The clear understanding of the microcosmic orbit technique is very important not only because of its historical context in the story of Chinese alchemy but because it is at the heart of many Taoist forms of exercise performed throughout the world by many millions of people today.

History

The history of the microcosmic orbit dates back to prehistoric times in China, and the underlying principles can be found in the I Ching which according to legend was written by the Emperor Fu Xi approximately five thousand years ago or at least two centuries before the time of the Yellow Emperor. For example, the Chinese character for the I Ching hexagram number 5, Waiting, depicts a person sitting in meditation and the commentary pertains to the flow of energy from one of the psychic energy channels to another during meditation:

Lao Tzu and Chuang Tzu have also alluded to the technique of meditation and encouraging circulation of energy through the psychic meridians in their writings. For example, Chuang Tzu's chapter entitled Yang Sheng Chu or "Principles of Health and Longevity" states: "Use your mind to carry the vital energy along your Tu Mo upward constantly" A stone carving in the White Cloud Temple in Beijing which bears an inscription "the sixth month of the year Ping-hsu of the Kuang-hsu era" (1886) contains a pictorial representation of some of the symbols which describe the processes involved in the microcosmic orbit meditation technique. These particular techniques are derived from the Taoist Patriarch Lü Dongbin who was born in 798 AD.
Lü Dongbin was one of the Eight Immortals.

Practice

The exercise itself usually begins with preparation designed to relax the physical body and develop the ability to concentrate. Students may indeed be encouraged to practice Taoist Yoga exercises or T'ai chi ch'uan as a way of building enough energy to begin performing the microcosmic orbit exercise as it can induce a strain on the nervous system and cause energy depletion if practiced without adequate preparation.

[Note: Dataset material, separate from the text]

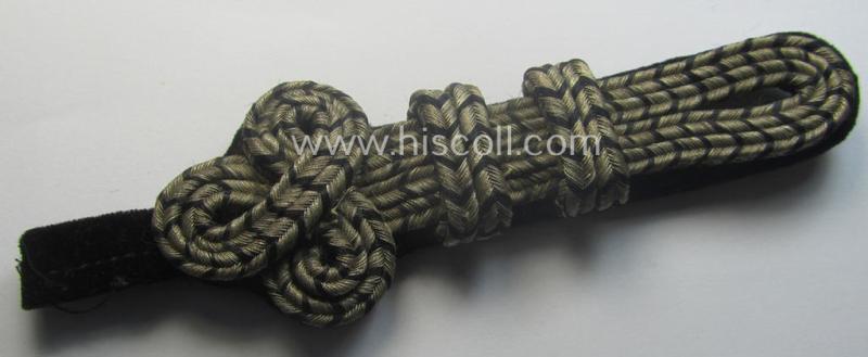 This is an attractive - regrettably single but nevertheless truly rarely found! - specific FAD (ie. 'Freiwilligen Arbeitsdienst') high-ranked, officers'-type shoulderboard (being of the pattern as was used in the period between 1932-36) as was intended for a: 'FAD-Gauarbeitsführer' and that comes in an overall nice- (ie. moderately used- and worn and/or clearly carefully tunic-removed-), condition. The neat (typically thin-shaped) board measures approx. 13 cms. in length and show a double (horizontally-mounted) 'loop' attached: it is executed in the typical, black-and-silverish-toned 'braid' and comes mounted onto a: 'velvet-like' woolen-based background (as can be seen on the pictures). The board comes in an overall nice- (ie. fully 'text-book') condition and still shows some of the thread- ie. stitching-remains with which it was once tunic-attached. These scarcely found (higher-ranked!) FAD-officers'-type shoulderboards (the FAD was in fact the predecessor of the RAD or: 'Reichsarbeitsdienst') were used by the officers serving within this organisation. This example originates from a larger-sized grouping of RAD- and/or FAD-insignia that was recently found at a private-household in Germany and that I acquired for the web-site. Simply a great occasion to acquire a desirable (and truly hard to find!) 'Freiwilligen Arbeitsdienst'-related, high-ranked officers'-type 'FAD-Schulterstück' for a justified price!

To begin with the student is encouraged to develop deep abdominal breathing into the primary dantian or Taoist energy centre to develop heat and pressure in the lower abdomen or "Golden Stove". A preparatory exercise known by some as the Lesser Heavenly circulation involves moving energy between two areas known as the seat of fire near the heart or the solar plexus where a psychic centre symbolised by the trigram Li from the I Ching is located, and the seat of water in the area of the kidneys where a psychic centre symbolised by the trigram kan is located.

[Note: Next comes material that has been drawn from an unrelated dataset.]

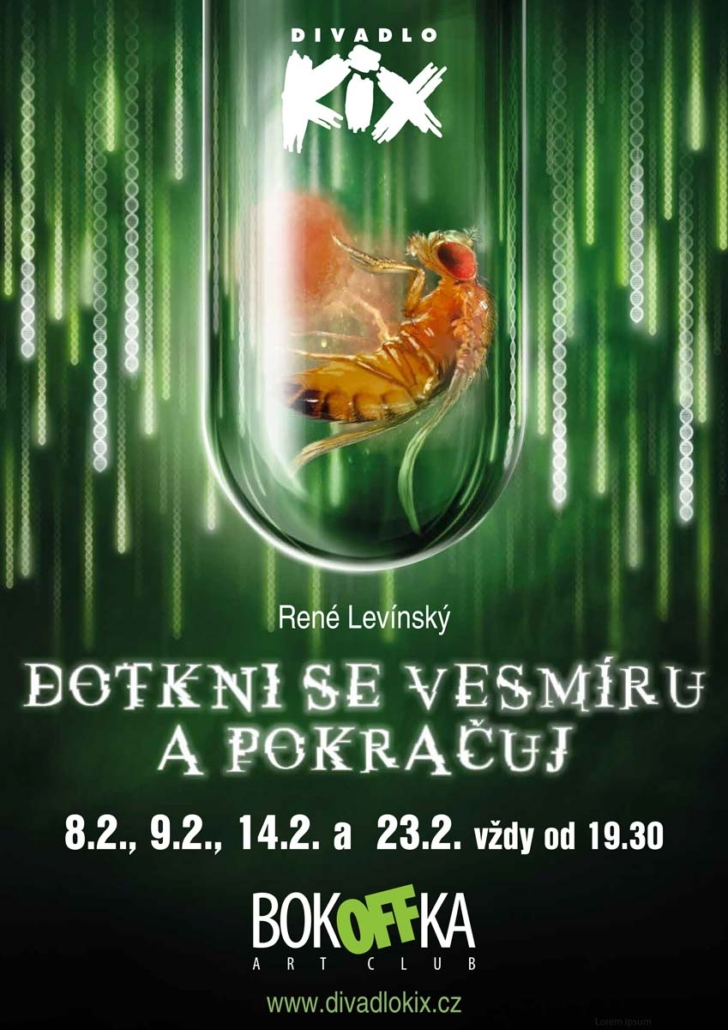 PRESS SPACE TO CONTINUE – legendární herní a počítačová hláška oznamující, že bez aktivního vnějšího impulsu systém uvízne ve strnulé netečnosti. Jakmile však nedočkavý uživatel klepne do největší klávesy, věci se dají do pohybu… Jemná lingvistická hříčka nalezená ve strojovém překladu hlášky nejenže dává jméno divadelní hře René Levínského, ale odkrývá až existenciálně-metafyzický rozměr tohoto téměř mimoděčného pohybu. Ale co to vlastně znamená? Kam až bude pokračovat naše nedočkavost? Přijde snad Mesiáš, který bude vědět kudy dál? Je rozumnější uznávat staromódní étos, nebo dát jasnou zelenou vědeckému pokroku? Ano, ano, to jsou některé z mnoha otázek, které divákovi předloží naše nová inscenace. Fiktivní(?) příběh o genetické biologii, vnořený do zcela konkrétní reality, však nepředkládá mnoho odpovědí. Snad způsobí, že si sami položíte další otázky, na něž nebudete znát odpovědi, ale zato se určitě dozvíte víc, než byste se odvážili zeptat. Ale nebojte se ničeho, vždyť smích je, a z hlediska principu logické úspornosti zvlášť, to nejlepší řešení ze všech možných.

Normally essence or jing can flow either way through the eight extra meridians or energy pathways in the body, but in the microcosmic orbit meditation exercise jing is encouraged to flow upwards along the Governor vessel during inhalation and then downwards along the conception vessel returning to the dantian on the exhalation. This means that energy flows from the dantian downwards to the base of the spine then up the back along the centre line of the body to the crown of the head, then over the head and down the front centre line of the body and back to the starting point again making a full circle or orbit. This prevents the body's natural essences from becoming depleted as they normally flow downwards from the brain or 'sea of marrow' and are lost during ejaculation or menstruation during the reproductive processes. It is this jing or essence which is responsible for the reproductive processes in the body which allow the body to rejuvenate itself as well as for the reproductive processes which give rise to offspring. Essence is also an important component in the manufacture of qi which can be translated into English as vitality or energy, the primary motive force which is life itself. This raising and lowering Jing through the microcosmic orbit and returning it to the dantian purifies the essence and transforms it intoqi or vitality.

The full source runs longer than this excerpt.